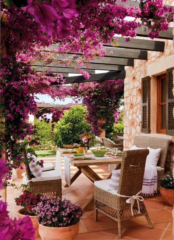 Giàn cây leo được sử dụng khá nhiều cho homestay. Một giàn cây hoa vừa có thể tạo điểm nhấn lại vừa có tác dụng che nắng. Những loại cây thường được sử dụng cho giàn leo: hoa giấy; sử quân tử; rạng đông; mai hoàng yến;...
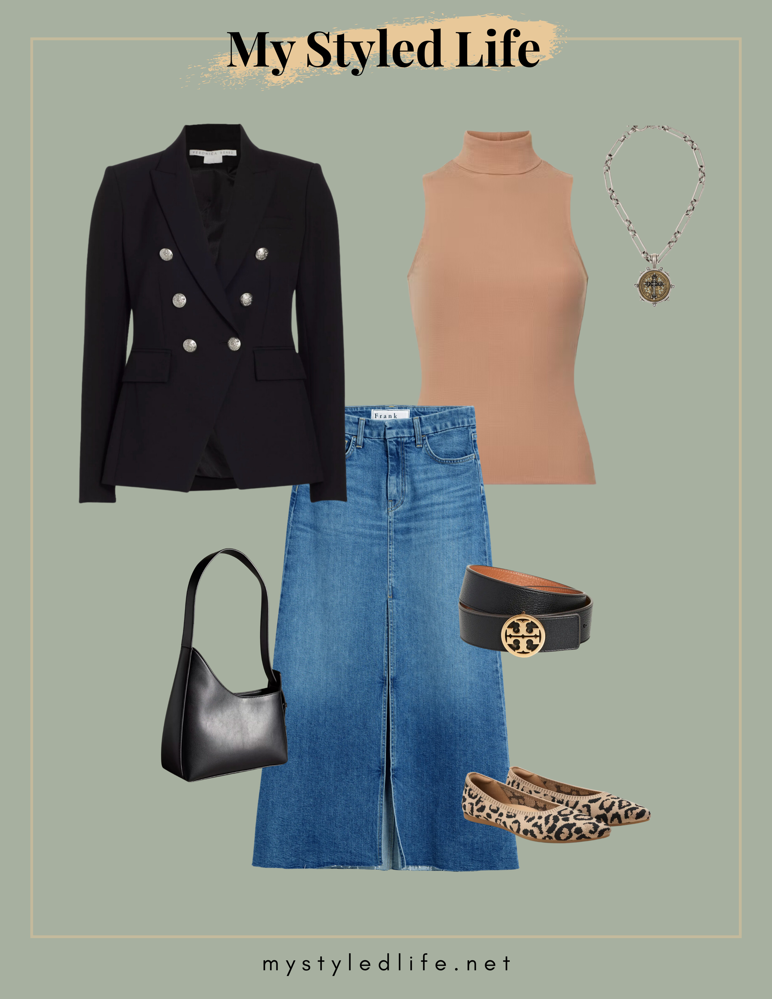 2 key top layers will add polish to your looks: A slim-fitting black blazer and a puff sleeve denim jacket.
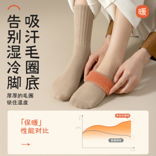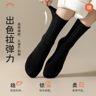 厚袜子女款 中筒袜加绒加厚保暖毛圈黑色长筒袜2026冬天长袜 秋冬季
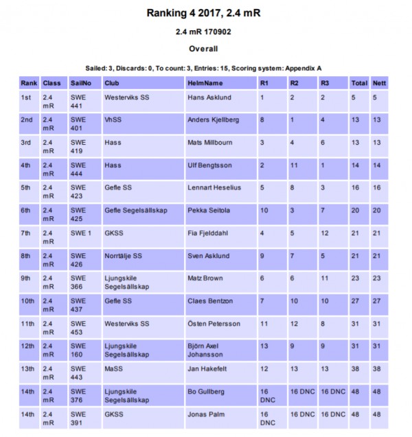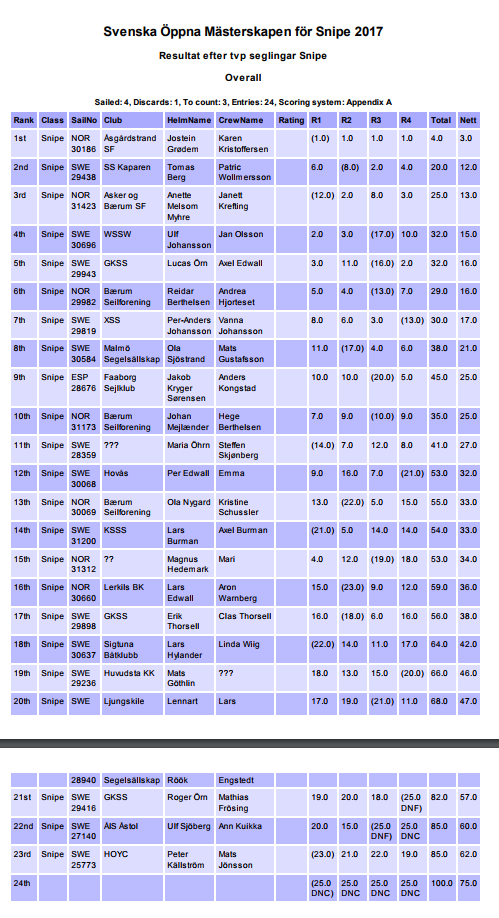 Resultat Snipe och 2.4 - lördag
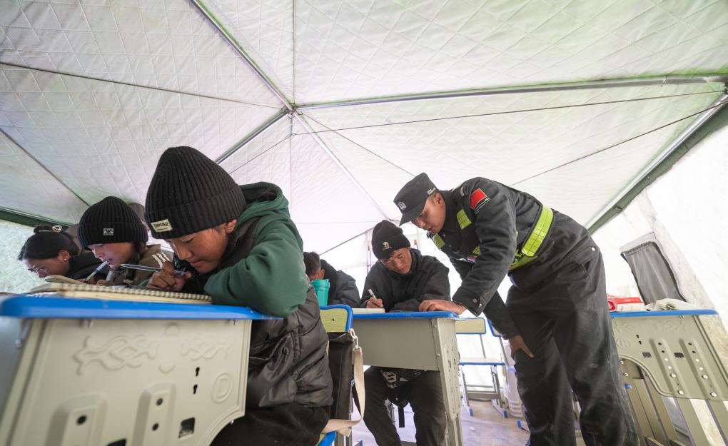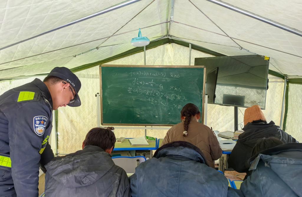 在西藏日喀則市定日縣長(zhǎng)所鄉(xiāng)嘎布村安置點(diǎn)的帳篷內(nèi),民警劉鑫磊一手指了指黑板上的題目,一手拿著資料,耐心地給高三學(xué)生講解。5名學(xué)生坐在課桌前,低著頭,快速地在草稿紙上演算著。
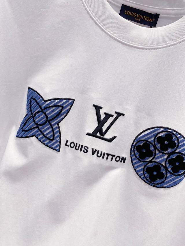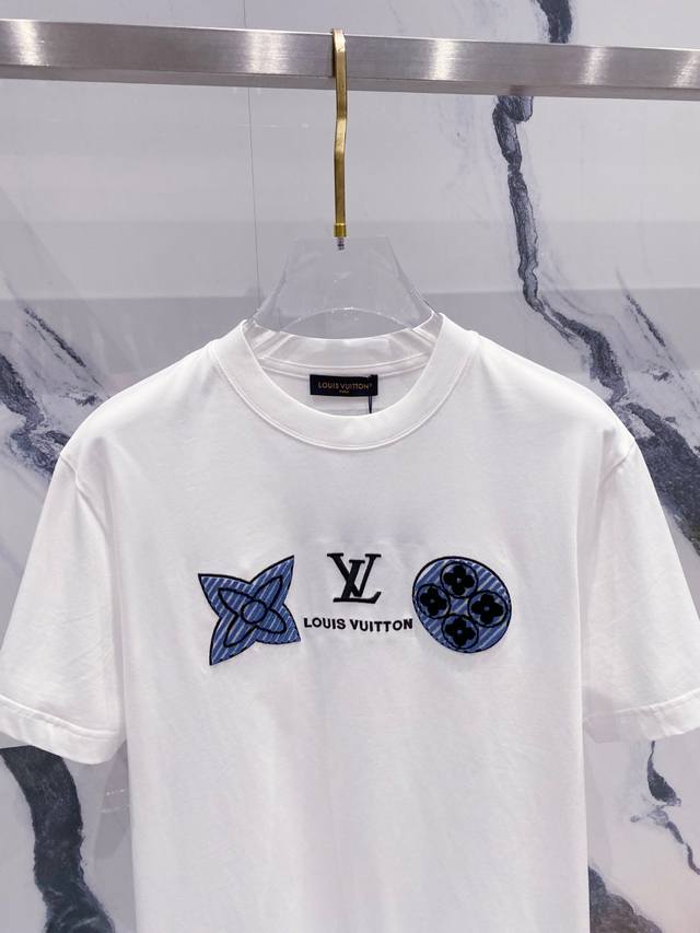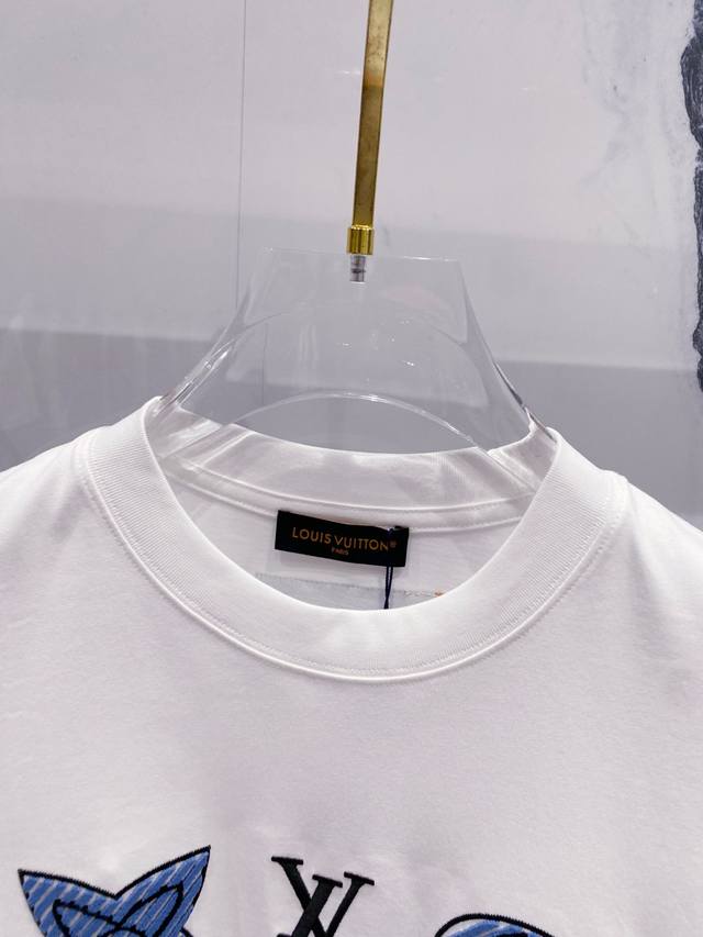 25 Spring and Summer Light Blue Heart Embroidery Cotton T-shirt..

──────────

### [ASSIGNMENT]
Set down every entry above verbatim, without pictures.

### [PROBLEM SOLUTION]
 Giàn cây leo được sử dụng khá nhiều cho homestay. Một giàn cây hoa vừa có thể tạo điểm nhấn lại vừa có tác dụng che nắng. Những loại cây thường được sử dụng cho giàn leo: hoa giấy; sử quân tử; rạng đông; mai hoàng yến;...
 2 key top layers will add polish to your looks: A slim-fitting black blazer and a puff sleeve denim jacket.
 厚袜子女款 中筒袜加绒加厚保暖毛圈黑色长筒袜2026冬天长袜 秋冬季
 Resultat Snipe och 2.4 - lördag
 在西藏日喀則市定日縣長(zhǎng)所鄉(xiāng)嘎布村安置點(diǎn)的帳篷內(nèi),民警劉鑫磊一手指了指黑板上的題目,一手拿著資料,耐心地給高三學(xué)生講解。5名學(xué)生坐在課桌前,低著頭,快速地在草稿紙上演算著。
 25 Spring and Summer Light Blue Heart Embroidery Cotton T-shirt..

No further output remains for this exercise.